Yevgenia Nayberg’s Borsch Recipe
1 Small head of green cabbage
4 Small beets
3 Medium potatoes
3 Medium carrots
2 Tablespoons of vegetable oil (canola or grapeseed)
1 Yellow onion Pinch of citric acid
1 Tablespoon of tomato paste
1 clove of garlic Sour cream and dill for toppings Salt and Pepper
Get the tiniest head of green cabbage you can find. Slice it in half and save another half for the time you decide to make some sauerkraut.
Roast and grate 4 small beets.
Peel and quarter 3 medium potatoes.
Peel and grate 3 medium carrots.
Heat some neutral oil, like grapeseed or canola, in a large pot and drop the potatoes in. Let them get a bit of a tan and drop in the carrots. Stir from time to time to make sure they don’t burn.
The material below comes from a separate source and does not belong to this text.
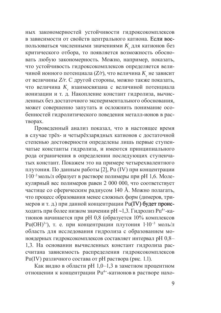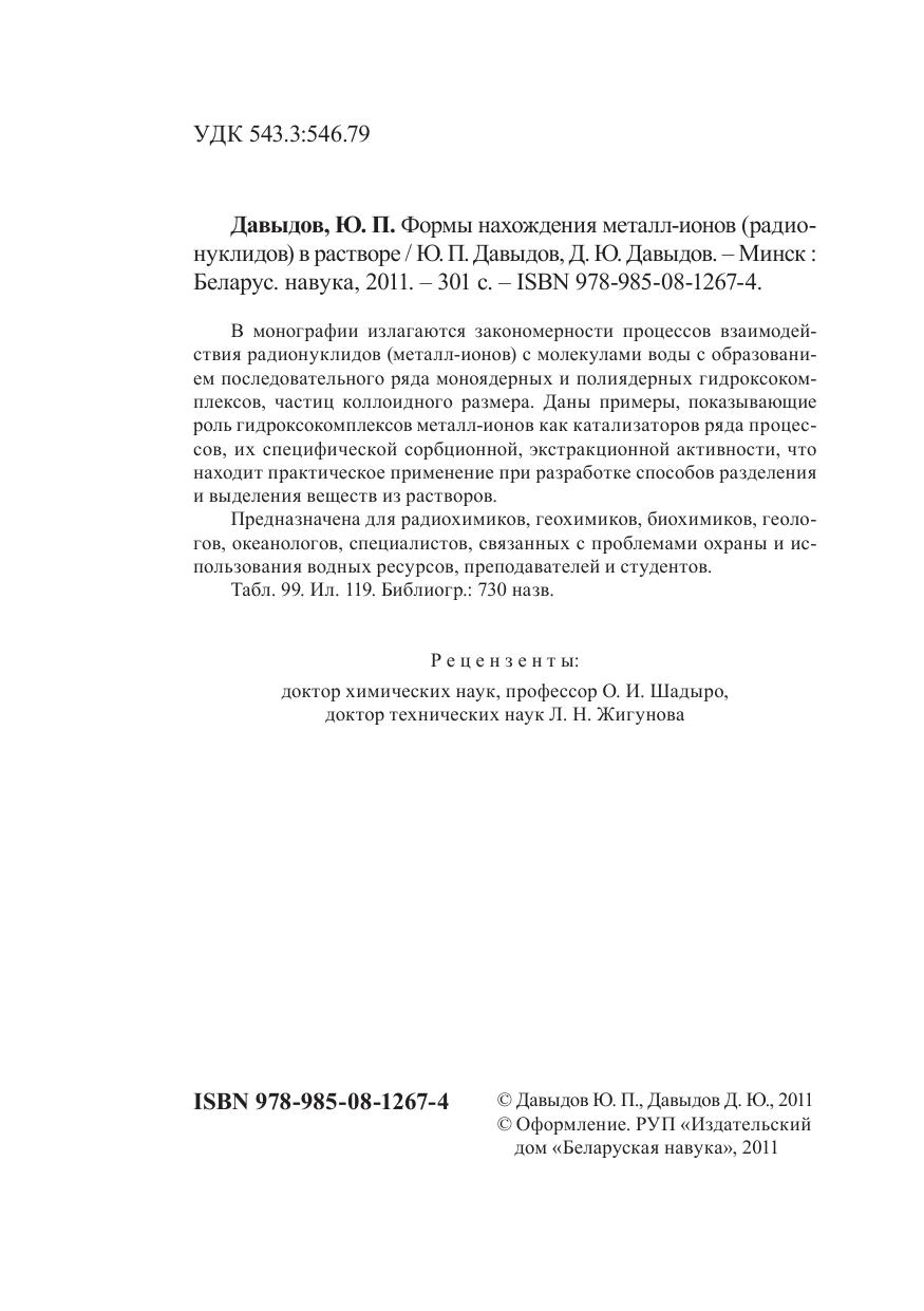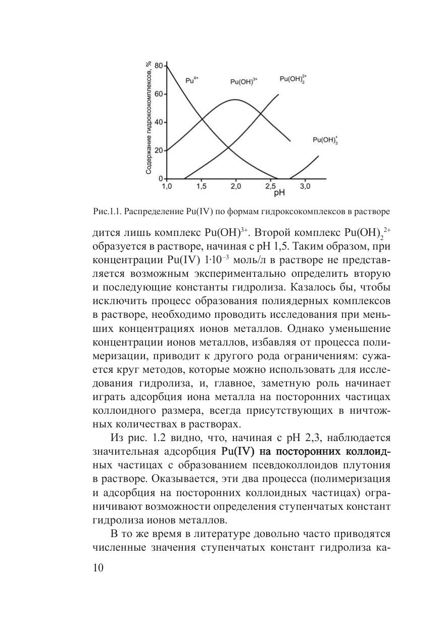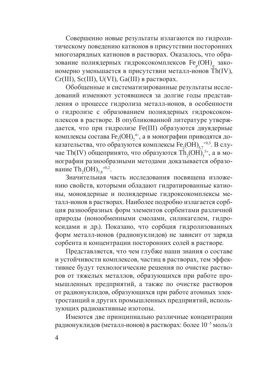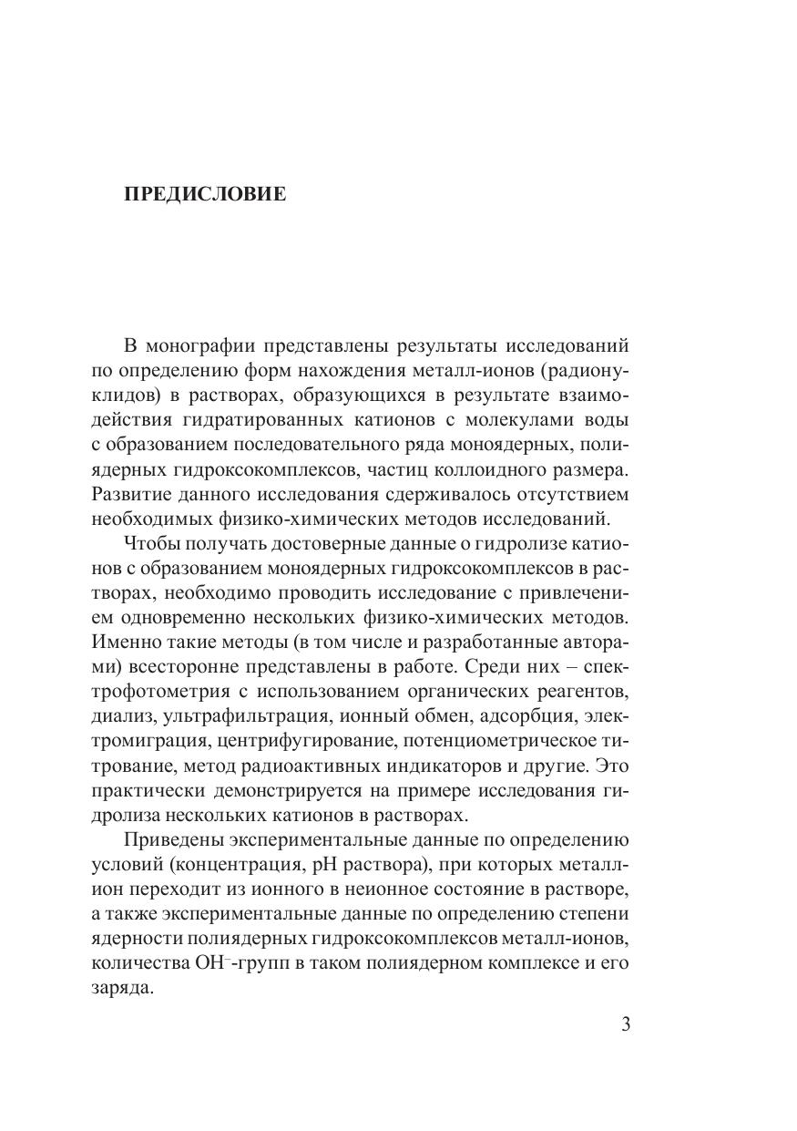 В монографии излагаются закономерности процессов взаимодействия радионуклидов (металл-ионов) с молекулами воды с образованием последовательного ряда моноядерных и полиядерных гидроксокомплексов, частиц коллоидного размера. Даны примеры, показывающие роль гидроксокомплексов металл-ионов как катализаторов ряда процессов, их специфической сорбционной, экстракционной активности, что находит практическое применение при разработке способов разделения и выделения веществ из растворов. Предназначена для радиохимиков, геохимиков, биохимиков, геологов, океанологов, специалистов, связанных с проблемами охраны и исползования водных ресурсов, преподавателей и студентов.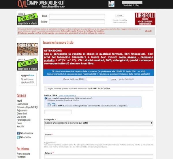 A questo punto direi che finalmente ci siamo, puoi iniziare a vendere libri usati online! Per fare ciò, clicca sulla voce I tuoi dati presente nella parte in alto a destra del sito Internet, scorri verso il basso la pagina che successivamente ti vien mostrata e fai clic sulla voce Inserisci il titolo che vuoi vendere annesso alla sezione I tuoi libri.

Once they soften and brown a bit, fill the pot with boiling water, add a generous pinch of salt, and a whole peeled onion. Important: now is the time to add a pinch of sour salt. Sour salt is another name for citric acid (skip this step and end up with sad, brown borsch).
Next, add a heaping tablespoon of tomato paste. Drop in the grated beets, bring the borsch to a boil, then cover the pot and let it simmer for at least 30 minutes. I like to simmer for an hour.
While this is happening, slice the cabbage as thinly as humanly possible. Bring the borsch back to a boil and drop the cabbage in. Stir and turn the heat off immediately. This way the cabbage will retain some bite to it. Don’t let it turn into a mushy mess!
Fish out and discard the onion. Crush a clove of garlic into the pot.
Ladle borsch into a bowl, add some sour cream, and sprinkle with fresh dill.
Any borsch will taste better the next day.
If this does not sound like the borsch your grandma makes, I apologize. I am sure she is a wonderful lady and a great cook. Nevertheless, I stand by my borsch—as an artist, an omnivore, and a dual citizen.